I've been looking at the man page for pcre2
, and trying to figure out precisely what situations require which definitions of PCRE2_CODE_UNIT_WIDTH
.
The source code for PCRE2 can be compiled to support 8-bit, 16-bit, or 32-bit code units, which means that up to three separate libraries may be installed.
Question 1: What exactly is PCRE2's code unit?
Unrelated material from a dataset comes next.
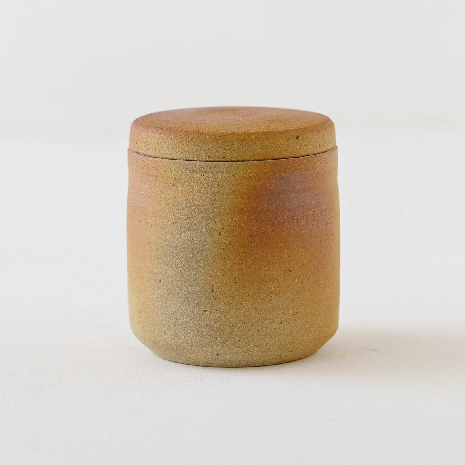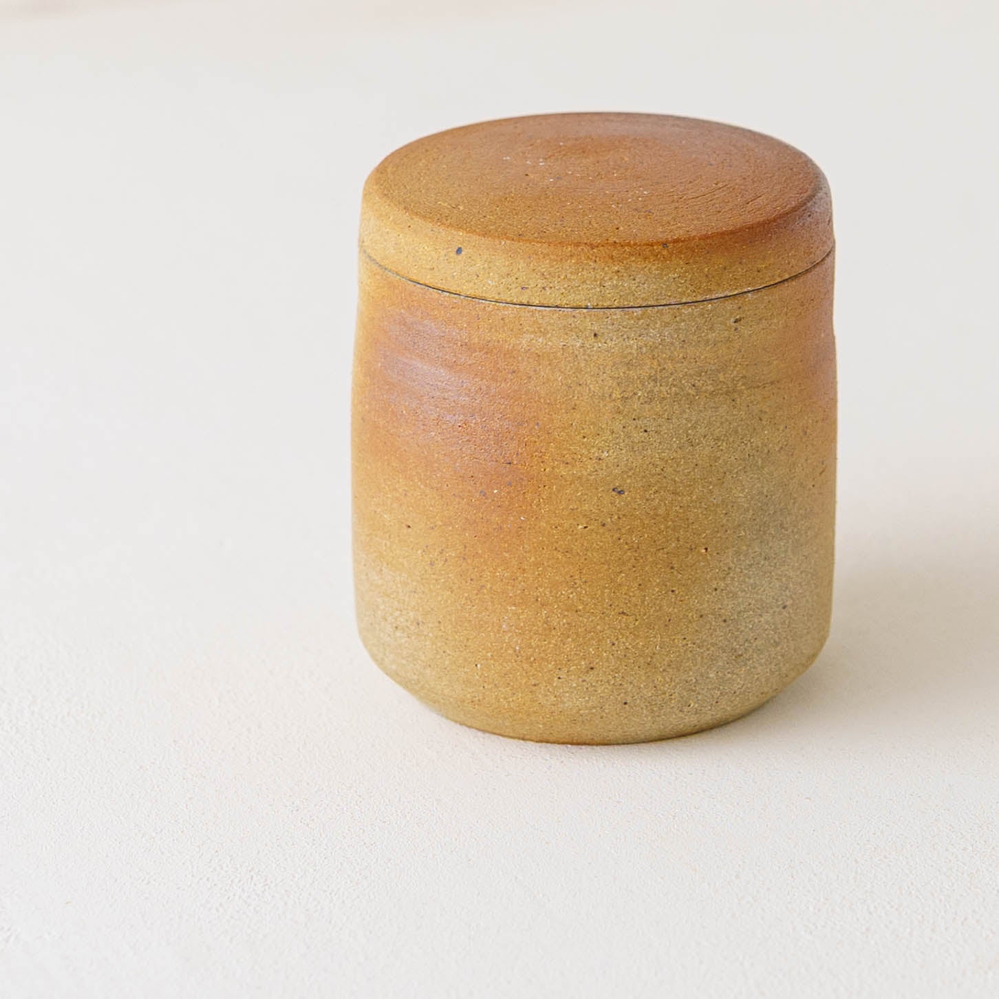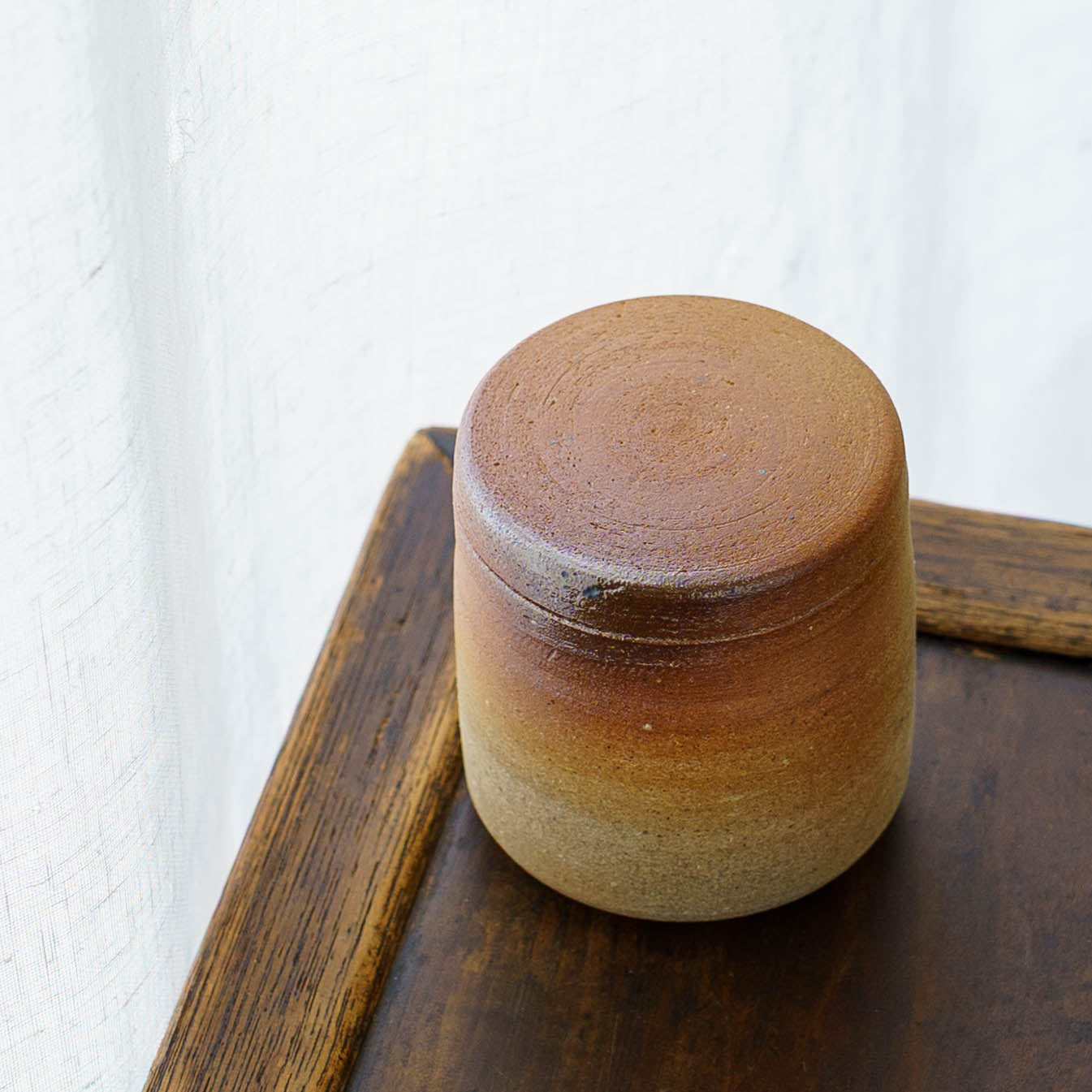 砂糖壷は、内側に釉薬が施してあるので、余分な水分の出入りをやわらかく整えてくれます。お砂糖はもちろん、冷蔵庫にも入るサイズなので、梅干しやらっきょう、新生姜などの保存食を入れても。そして、そのまま食卓へ。素朴な外観と実用性が美しく共存している、用と美を兼ね備えた焼き締め小壺です。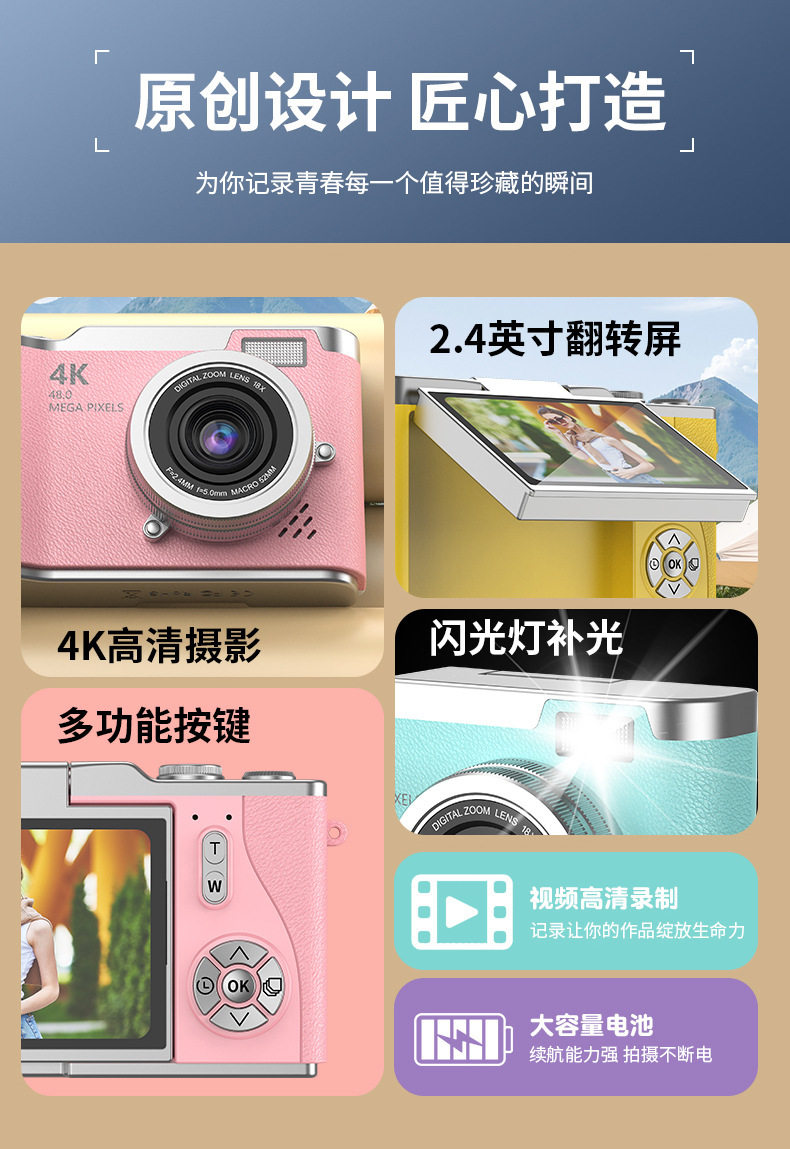 Cross-Border New Flip-Screen High-Pixel Beauty-Enhancing Mirrorless Digital Camera for Students, Selfies, Campus Ccd Wholesale

Does this mean I need to use PCRE2_CODE_UNIT_WIDTH 8
to handle char*
versus PCRE2_CODE_UNIT_WIDTH 32
for wchar *
? what if my platform's wchar
is 16-bit? would that require conditionally using PCRE2_CODE_UNIT_WIDTH 16
? If this is true, it seems like according to How big is wchar_t with GCC? I would need to use the PCRE2_CODE_UNIT_WIDTH = 8 * __SIZEOF_WCHAR_T__
On the topic of Unicode:
In all three cases, strings can be interpreted either as one character per code unit, or as UTF-encoded Unicode, with support for Unicode general category properties. Unicode support is optional at build time (but is the default). However, processing strings as UTF code units must be enabled explicitly at run time.
Question 2: What exactly does PCRE2_CODE_UNIT_WIDTH mean when Unicode is enabled? Does PCRE2_CODE_UNIT_WIDTH 8
take UTF-8, and I need to set PCRE2_CODE_UNIT_WIDTH 16
to handle a UTF-16 string?